#### Provided data

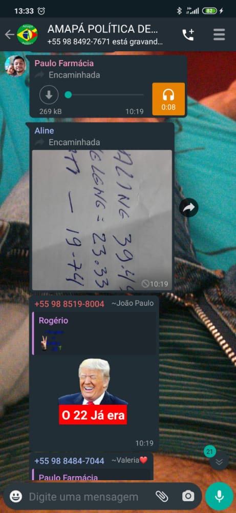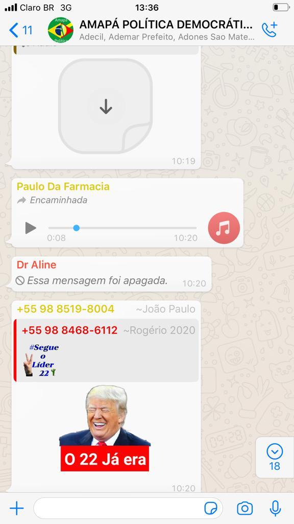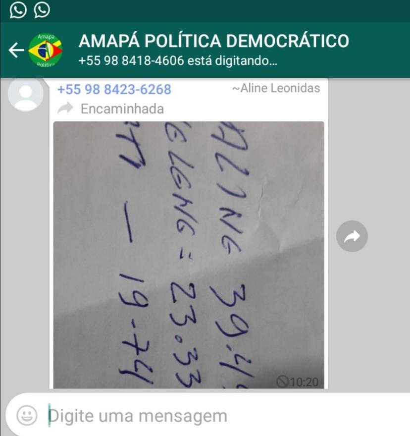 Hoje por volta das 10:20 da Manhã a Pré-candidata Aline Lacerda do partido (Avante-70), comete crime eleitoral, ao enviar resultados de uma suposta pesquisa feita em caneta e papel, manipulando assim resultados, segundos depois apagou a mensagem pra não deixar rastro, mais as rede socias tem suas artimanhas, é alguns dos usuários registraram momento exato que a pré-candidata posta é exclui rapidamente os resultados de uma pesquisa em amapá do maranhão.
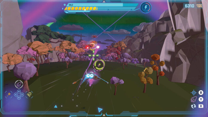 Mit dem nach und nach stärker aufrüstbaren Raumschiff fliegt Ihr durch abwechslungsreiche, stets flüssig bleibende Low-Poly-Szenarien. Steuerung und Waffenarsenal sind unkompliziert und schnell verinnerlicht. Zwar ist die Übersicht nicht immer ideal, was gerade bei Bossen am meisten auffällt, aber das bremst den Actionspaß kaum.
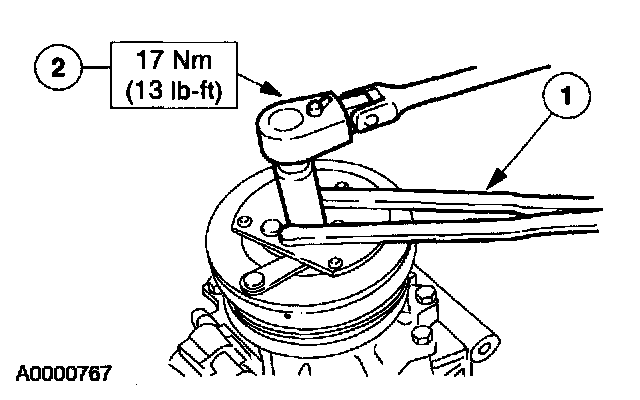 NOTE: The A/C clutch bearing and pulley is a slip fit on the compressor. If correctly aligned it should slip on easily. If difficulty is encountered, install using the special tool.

#### Exercise prompt
Omit every picture while printing the data word for word.

#### Completed exercise
 Hoje por volta das 10:20 da Manhã a Pré-candidata Aline Lacerda do partido (Avante-70), comete crime eleitoral, ao enviar resultados de uma suposta pesquisa feita em caneta e papel, manipulando assim resultados, segundos depois apagou a mensagem pra não deixar rastro, mais as rede socias tem suas artimanhas, é alguns dos usuários registraram momento exato que a pré-candidata posta é exclui rapidamente os resultados de uma pesquisa em amapá do maranhão.
 Mit dem nach und nach stärker aufrüstbaren Raumschiff fliegt Ihr durch abwechslungsreiche, stets flüssig bleibende Low-Poly-Szenarien. Steuerung und Waffenarsenal sind unkompliziert und schnell verinnerlicht. Zwar ist die Übersicht nicht immer ideal, was gerade bei Bossen am meisten auffällt, aber das bremst den Actionspaß kaum.
 NOTE: The A/C clutch bearing and pulley is a slip fit on the compressor. If correctly aligned it should slip on easily. If difficulty is encountered, install using the special tool.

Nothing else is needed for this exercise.